Action item:
Pictures aside, copy exactly each line from the one that holds "無量寺的四大天王殿（見插圖）" through the last line of the records below.

Stored data:

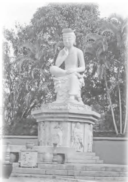
■ 石造半跏思惟菩薩像

無量寺的四大天王殿（見插圖），一如中國明清時代佛寺，位於正殿的前方，有趣的是，此天王殿兼具山門的造型與功能。若是日式曹洞宗與臨濟宗的禪寺山門，其門上通常另立鐘樓，
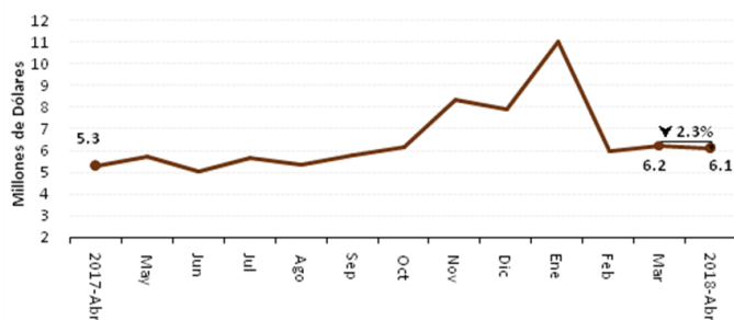
ZONA 7: CRÉDITO PÚBLICO PARA EL SECTOR AGROPECUARIO

Como se mencionó inicialmente, la banca pública entregó a la Zona Administrativa No. 7 USD 6.08 millones, lo que representó un descenso del 2 % respecto al mes pasado; sin embargo, al cotejar con abril del año pasado, ascendió 15 %; en cuanto al número de beneficiarios, se reportó una variación negativa del 14 % respecto al mes pasado; que, al compararlo con abril de 2017 el comportamiento aumentó 51 %.
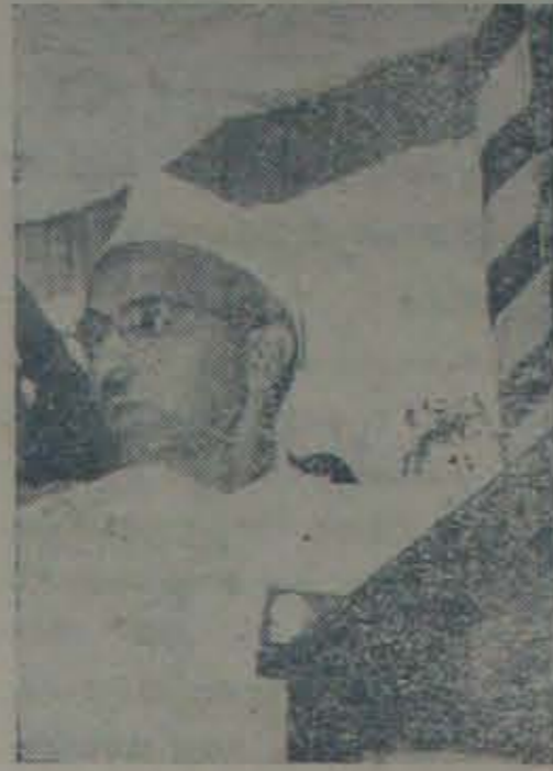
నారాయణరెడ్డిపేట కాలనీ నారాయణరెడ్డిపేట యానాది సంఘంలో ప్రవేశించి ఆక్కడ చల్ల యానాదుల పరిస్థితులను విచారించారు. ఒక ముసలి యానాదిని
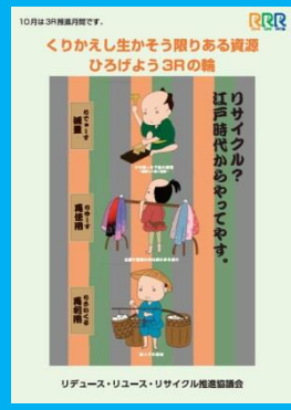
平成 26 年度

Expected answer:
無量寺的四大天王殿（見插圖），一如中國明清時代佛寺，位於正殿的前方，有趣的是，此天王殿兼具山門的造型與功能。若是日式曹洞宗與臨濟宗的禪寺山門，其門上通常另立鐘樓，
ZONA 7: CRÉDITO PÚBLICO PARA EL SECTOR AGROPECUARIO

Como se mencionó inicialmente, la banca pública entregó a la Zona Administrativa No. 7 USD 6.08 millones, lo que representó un descenso del 2 % respecto al mes pasado; sin embargo, al cotejar con abril del año pasado, ascendió 15 %; en cuanto al número de beneficiarios, se reportó una variación negativa del 14 % respecto al mes pasado; que, al compararlo con abril de 2017 el comportamiento aumentó 51 %.
నారాయణరెడ్డిపేట కాలనీ నారాయణరెడ్డిపేట యానాది సంఘంలో ప్రవేశించి ఆక్కడ చల్ల యానాదుల పరిస్థితులను విచారించారు. ఒక ముసలి యానాదిని
平成 26 年度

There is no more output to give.